Try it →
Reproduce the whole listing that follows, character for character, and drop the images.

Collected material →
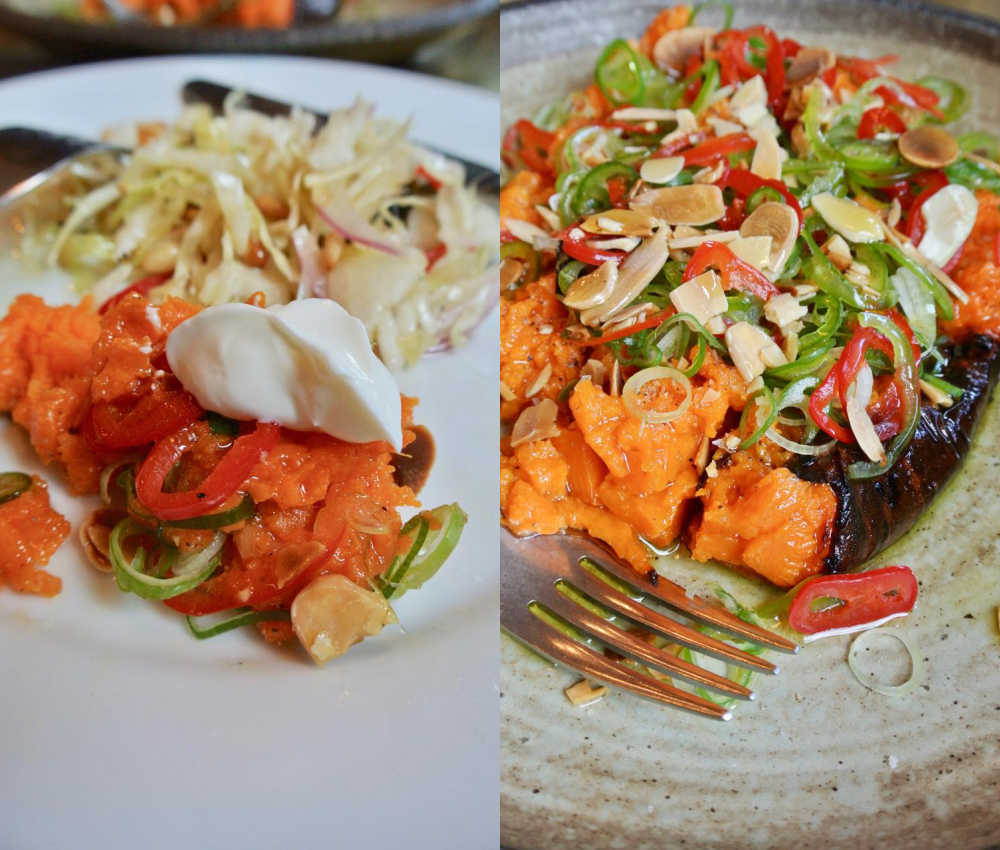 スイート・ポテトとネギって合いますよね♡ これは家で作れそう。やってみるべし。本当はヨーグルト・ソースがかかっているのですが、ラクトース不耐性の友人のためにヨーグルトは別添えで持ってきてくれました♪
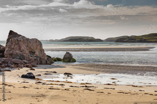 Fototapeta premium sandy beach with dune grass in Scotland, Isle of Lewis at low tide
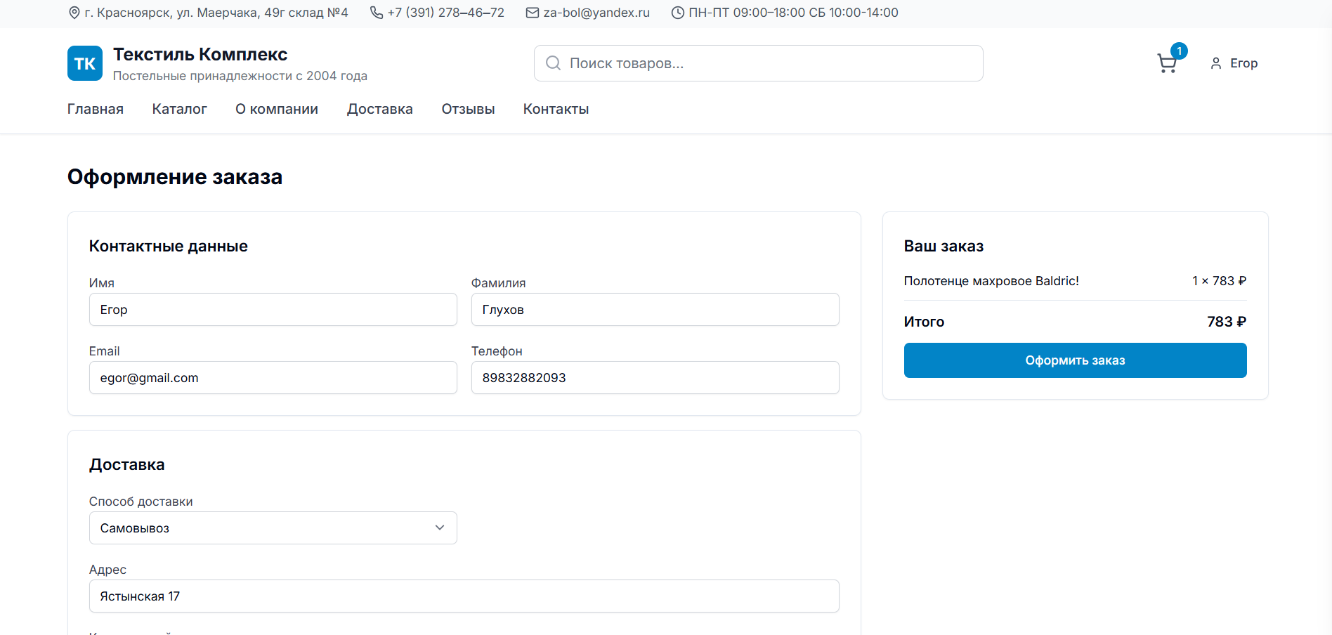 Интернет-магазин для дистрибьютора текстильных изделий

The answer →
 スイート・ポテトとネギって合いますよね♡ これは家で作れそう。やってみるべし。本当はヨーグルト・ソースがかかっているのですが、ラクトース不耐性の友人のためにヨーグルトは別添えで持ってきてくれました♪
 Fototapeta premium sandy beach with dune grass in Scotland, Isle of Lewis at low tide
 Интернет-магазин для дистрибьютора текстильных изделий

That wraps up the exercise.